Algorithm 03 - (Basic Patterns 00) Types
Basic Patterns
Mastering basic patterns for solving algorithm problems is the first step to efficient problem-solving. By repeatedly practicing these patterns, you will naturally become more adept at tackling more difficult problems. Below, I’ve outlined various patterns along with problem types, thinking strategies, and memorization tips.
1. Brute Force
Explanation
- The brute force method explores all possible cases to find the solution.
- It is the simplest and most intuitive method, but can be inefficient.
Use Cases
- Small-sized input data.
- When optimization is not required.
Example: Two Sum
Find two numbers in an array whose sum equals the target.
nums = [2, 7, 11, 15]
target = 9
for i in range(len(nums)):
for j in range(i + 1, len(nums)):
if nums[i] + nums[j] == target:
print([i, j]) # Output: [0, 1]
Memorization Tip
“Explore all cases and check those that satisfy the condition.”
2. Sliding Window
Explanation
- This technique efficiently processes contiguous subarrays/strings in an array or string.

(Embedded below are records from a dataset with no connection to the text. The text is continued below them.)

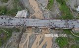 Foto udara kondisi jembatan yang amblas akibat hujan di Kelurahan Buluri di Palu, Sulawesi Tengah, Jumat (7/4/2023). (FOTO : ANTARA FOTO/Mohamad Hamzah)
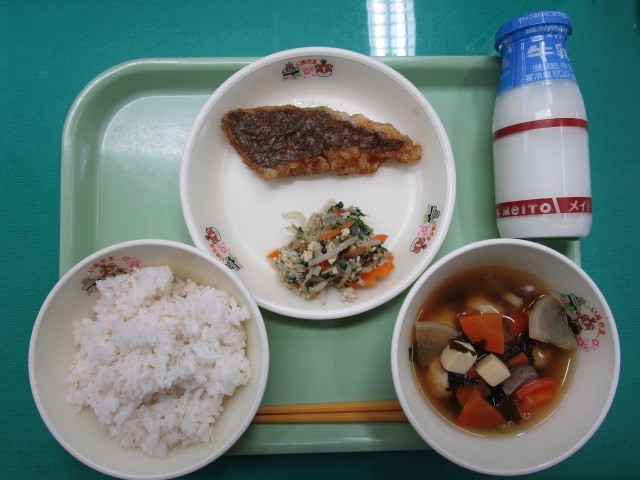 麦ご飯 牛乳 ホキの揚げ煮 ほうれん草の白和え風 つみれ汁
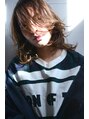 起きたてみたいな質感が可愛い、mediumのレイヤースタイル。肩に当たってハネやすい長さも、あえて毛先を遊ばせてスタイリングが◎。日の光に映えるブルージュの色味がオススメ。
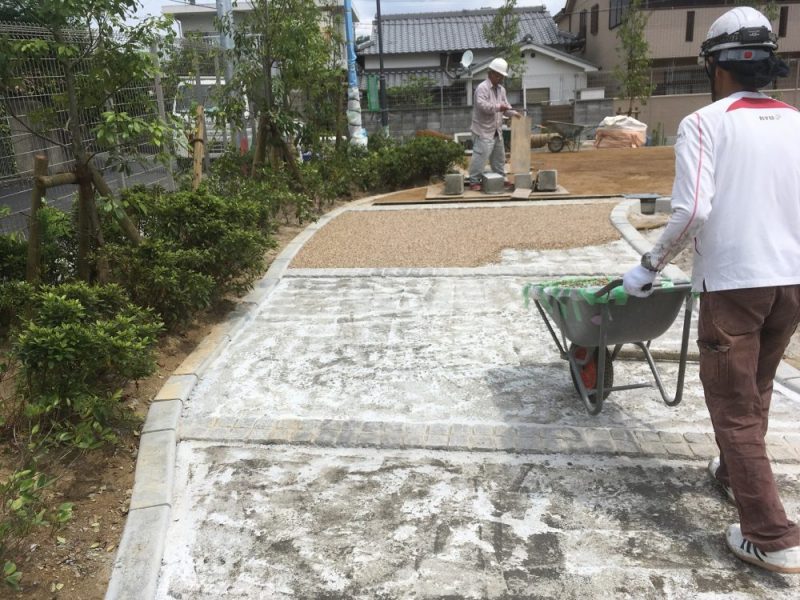 プライマー乾燥後、淡路砂利、樹脂をミキサーで攪拌し、一輪車で材料を運搬して施工していきます。
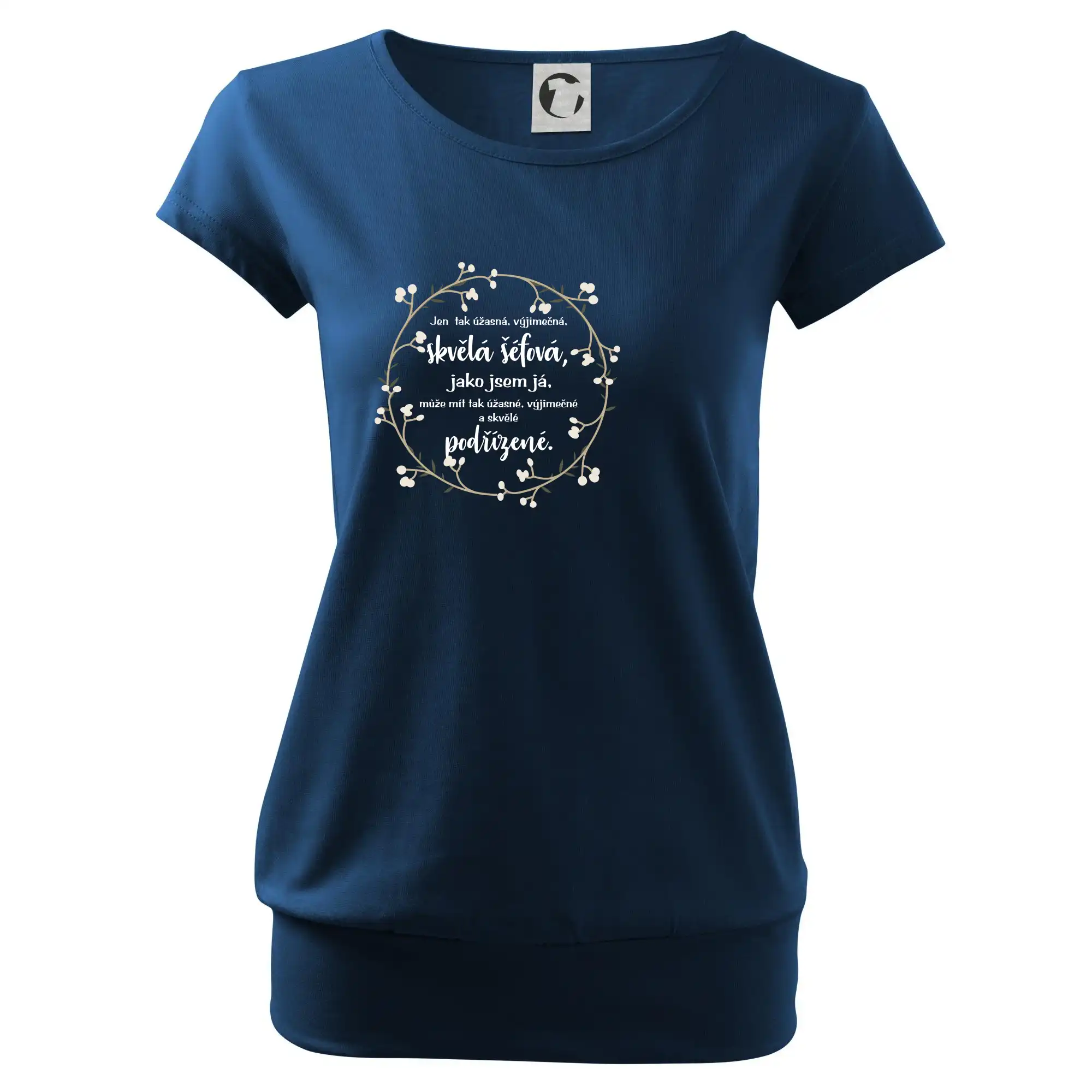 Trendové dámské triko s velmi krátkým rukávem, volnějšího střihu, v dolním kraji všité do širokého lemu. Kulatý průkrčník s úzkým lemem ze shodného materiálu.

- The window (or range) is moved across the data, updating only the necessary calculations.
Use Cases
- Fixed-size subarray sums or maximum values.
- Subarrays satisfying variable-sized conditions.
Example: Sum of Fixed-size Subarrays
Find the maximum sum of subarrays of length 3.
nums = [1, 2, 3, 4, 5]
k = 3
window_sum = sum(nums[:k])
max_sum = window_sum
for i in range(k, len(nums)):
window_sum += nums[i] - nums[i - k]
max_sum = max(max_sum, window_sum)
print(max_sum) # Output: 12
Memorization Tip
“Slide the window while reusing previous calculations.”
3. Two Pointers
Explanation
- This technique uses two pointers to efficiently solve problems when traversing an array.
- Usually applied to sorted arrays.
Use Cases
- Finding two numbers that sum to a specific value.
- Verifying conditions for subarrays.
Example: Sum of Two Numbers in Sorted Array
nums = [1, 2, 3, 4, 6]
target = 6
left, right = 0, len(nums) - 1
while left < right:
s = nums[left] + nums[right]
if s == target:
print([left, right]) # Output: [1, 3]
break
elif s < target:
left += 1
else:
right -= 1
Memorization Tip
“Narrow down the search from both ends.”
4. Dynamic Programming (DP)
Explanation
- DP breaks down a large problem into smaller subproblems, saving intermediate results to avoid redundant calculations.
Use Cases
- Optimization problems (maximum/minimum values).
- Fibonacci sequence, knapsack problem, string comparison.
Example: Fibonacci Sequence
def fibonacci(n):
dp = [0] * (n + 1)
dp[0], dp[1] = 0, 1
for i in range(2, n + 1):
dp[i] = dp[i - 1] + dp[i - 2]
return dp[n]
print(fibonacci(10)) # Output: 55
Memorization Tip
“Break down the problem, store results, and combine them.”
5. Backtracking
Explanation
- This approach explores all possibilities but prunes paths that do not meet the criteria.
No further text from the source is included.